Our Inspiration: LangSmith's Agent Builder#
When LangSmith released their Agent Builder with built-in memory, we were intrigued. Their approach was elegant: expose agent memory as files that the LLM can read and write.
Instead of complex vector databases or embedding systems, they used a simple metaphor that LLMs already understand—a filesystem:
agent-memory/
├── AGENTS.md # Core instructions
├── skills/ # Specialized knowledge
├── knowledge/ # Facts and context
└── conversations/ # Past interaction summaries
This is based on the COALA framework (Cognitive Architectures for Language Agents), which models AI memory after human cognition with three types:
- Procedural Memory — How to do things (skills, instructions)
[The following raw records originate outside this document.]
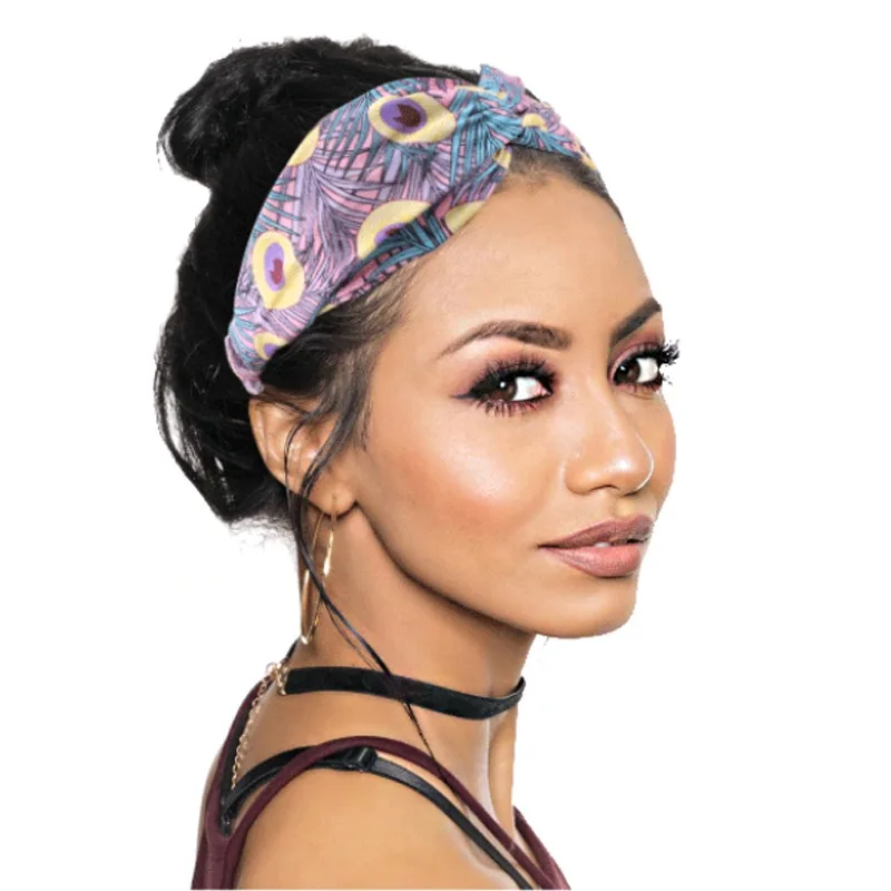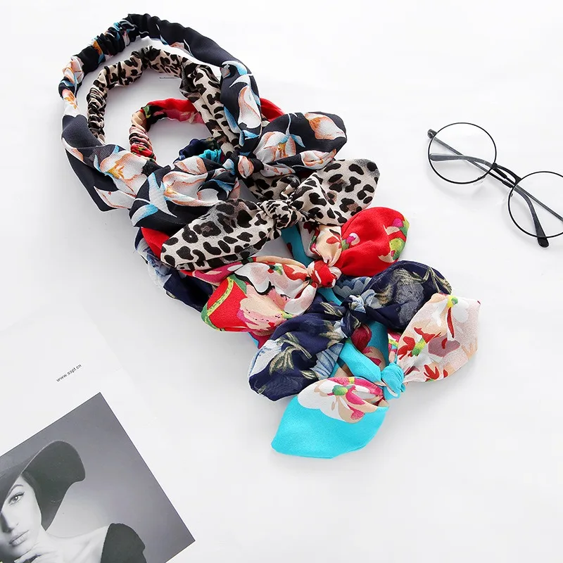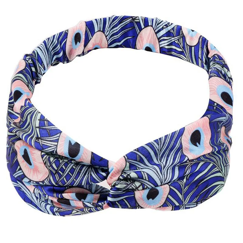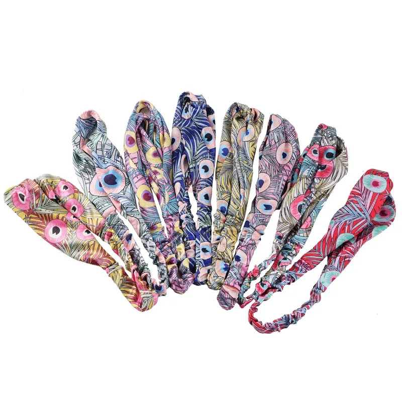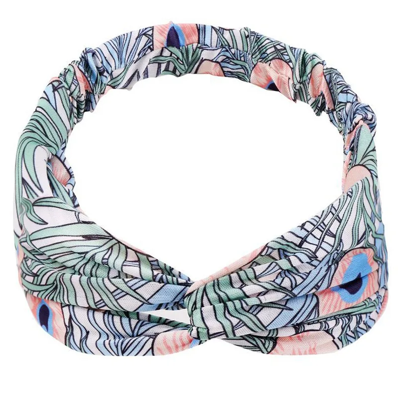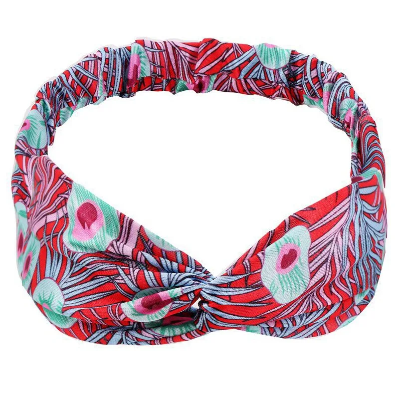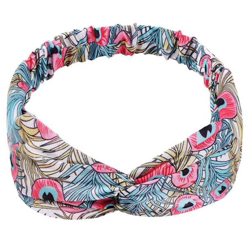 Повязка для волос в богемном стиле для девочек, винтажная эластичная лента с принтом, с перехлёстом, мягкая бандана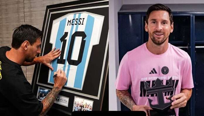 @telemundodeportes 🤩 ¡Un momento que no todos pueden vivir! Pedirle un autógrafo a Lionel Andrés Messi ✍️🇦🇷 🎥: IG/yanilatorre #lionelmessi #messi #argentina #intermiami #futbol #soccer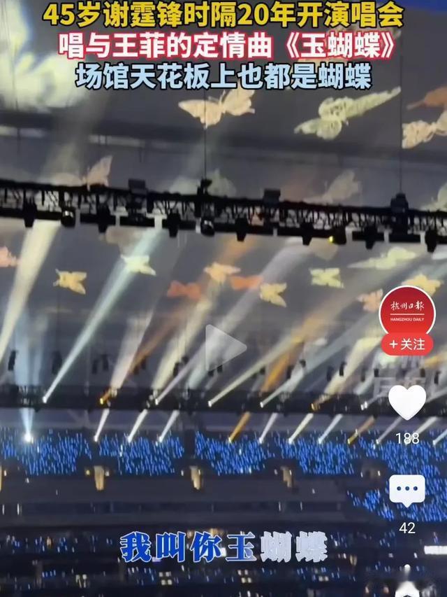 谢霆锋当着几万人的面高调示爱,唱和王菲的定情曲《玉蝴蝶》时,场馆上空无数只蝴蝶在闪动,那示爱的场面太齁甜了。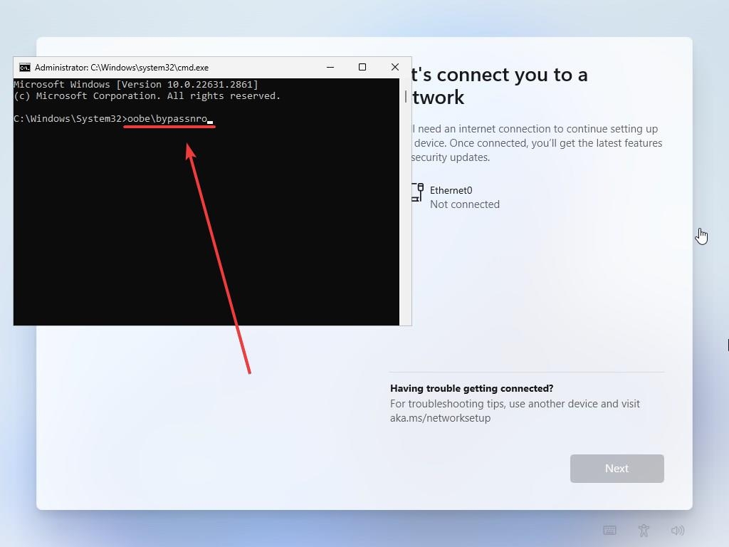 Quando ti sarà richiesto di collegarti ad una rete internet, premi Shift + F10 INSIEME per aprire il command prompt. Quando compare, digita questa stringa:
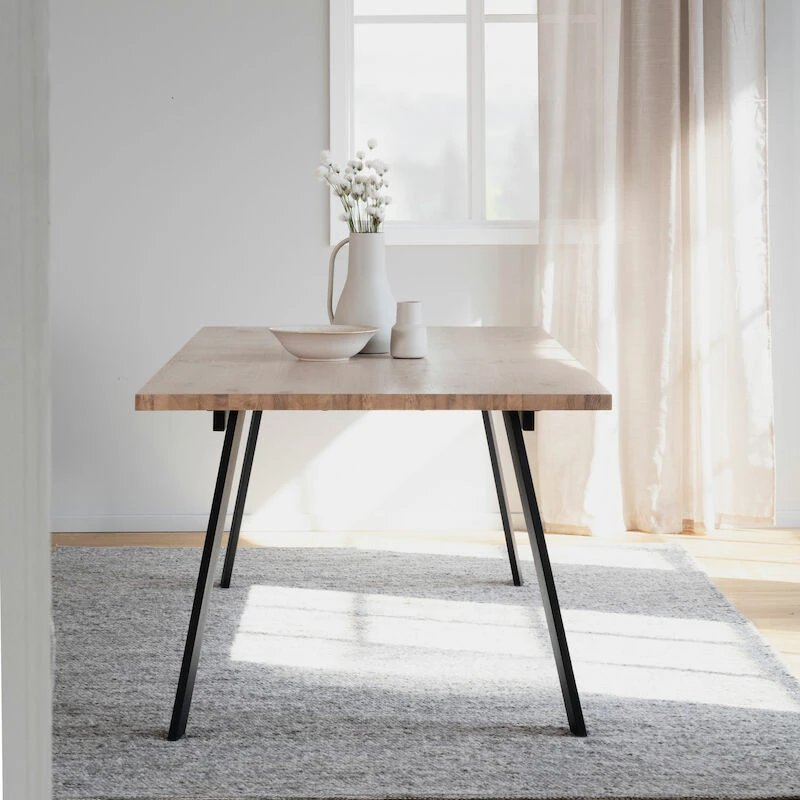 Tyylikäs ja selkeälinjainen Rowico Winnipeg ruokapöytä. Pöydän molempiin päihin on saatavilla lisävarusteena . Pöytään lisättynä molemmat jatkopalat, kokonaispituus on hulppeat 300 cm.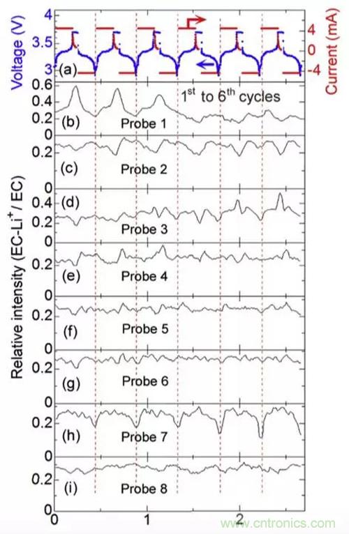 在研究Li+濃度的變化過程中,Toshiro Yamanaka還發(fā)現(xiàn)電解液的分布也隨著充放電而發(fā)生變化。下圖是在充放電過程中不同位置溶劑EC的強度的變化趨勢,EC的強度變化主要反映該處電解液的數(shù)量多少,隨著電芯的體積變化,電芯內(nèi)的電解液分布也在不斷的發(fā)生著變化。例如在1號和2號位置,EC的濃度發(fā)生了兩次快速下降和緩慢恢復,6號探測器的位置,則出現(xiàn)了EC濃度的快速下降和快速上升,這些變化都反映了鋰離子電池內(nèi)部在充放電過程中,由于電極的體積膨脹,導致電解液在電芯的局部發(fā)生變干、再浸潤的過程。

- Semantic Memory — Facts and knowledge (domain information)
- Episodic Memory — Personal experiences (conversation history)
We loved this approach and decided to build our own implementation for Fabric.
Our Architecture: The Three Types of Memory#
1. Procedural Memory: The Agent's Instruction Manual#
Procedural memory stores how the agent should behave. Think of it as the agent's instruction manual that evolves over time.
AGENTS.md is the heart of procedural memory. It starts with basic instructions from the template and grows as the agent learns:
# Agent Instructions
You are a data analysis assistant for Acme Corp.
## User Preferences
- Always respond in bullet points
- Keep explanations under 200 words
- Include code examples when relevant
## Learned Behaviors
- User prefers Python over JavaScript
- Always check for null values first when debugging
- Format dates as YYYY-MM-DD
The key insight: the agent can propose updates to its own instructions. When a user says "Remember that I prefer Python," the agent can suggest adding that to AGENTS.md.
2. Semantic Memory: Domain Knowledge#
Semantic memory stores facts and specialized knowledge. It's organized into two categories:
Skills are specialized instruction sets for specific tasks:
# Data Analysis Skill
When analyzing data:
1. Always start by checking data types and null values
2. Calculate basic statistics (mean, median, std dev)
3. Look for outliers (values > 2 standard deviations)
4. Create visualizations for trends
5. Summarize findings in 3-5 bullet points
Knowledge files contain domain-specific facts:
# Company Policies
## Code Review Requirements
- All PRs require at least 2 approvals
- Security-sensitive changes need security team review
- Breaking changes require RFC document
## API Rate Limits
- Public API: 100 requests/minute
- Internal API: 1000 requests/minute
When the agent encounters a relevant task, it loads the appropriate skills and knowledge into context.
3. Episodic Memory: Conversation History#
This is where it gets interesting. Episodic memory stores summaries of past conversations, allowing the agent to remember what you've discussed before.
When a conversation ends, we automatically create a summary:
{
"id": "episode-abc123",
"title": "Debug Python null pointer exception",
"summary": "User requested help debugging a Python script. Found a null pointer exception in the data processing function. Fixed by adding null checks. User mentioned preference for verbose logging.",
"keyTopics": ["coding", "debugging", "Python"],
"userIntents": ["fix problem", "remember preference"],
"toolsUsed": ["code_search", "file_read"],
"outcome": "completed",
"messageCount": 12,
"startedAt": "2026-01-15T10:00:00Z",
"endedAt": "2026-01-15T10:30:00Z"
}
The magic happens when you start a new conversation. We search through past episodes to find relevant context:
Now the agent knows you've debugged Python before, what approach worked, and that you prefer verbose logging. It can provide a more personalized, contextual response.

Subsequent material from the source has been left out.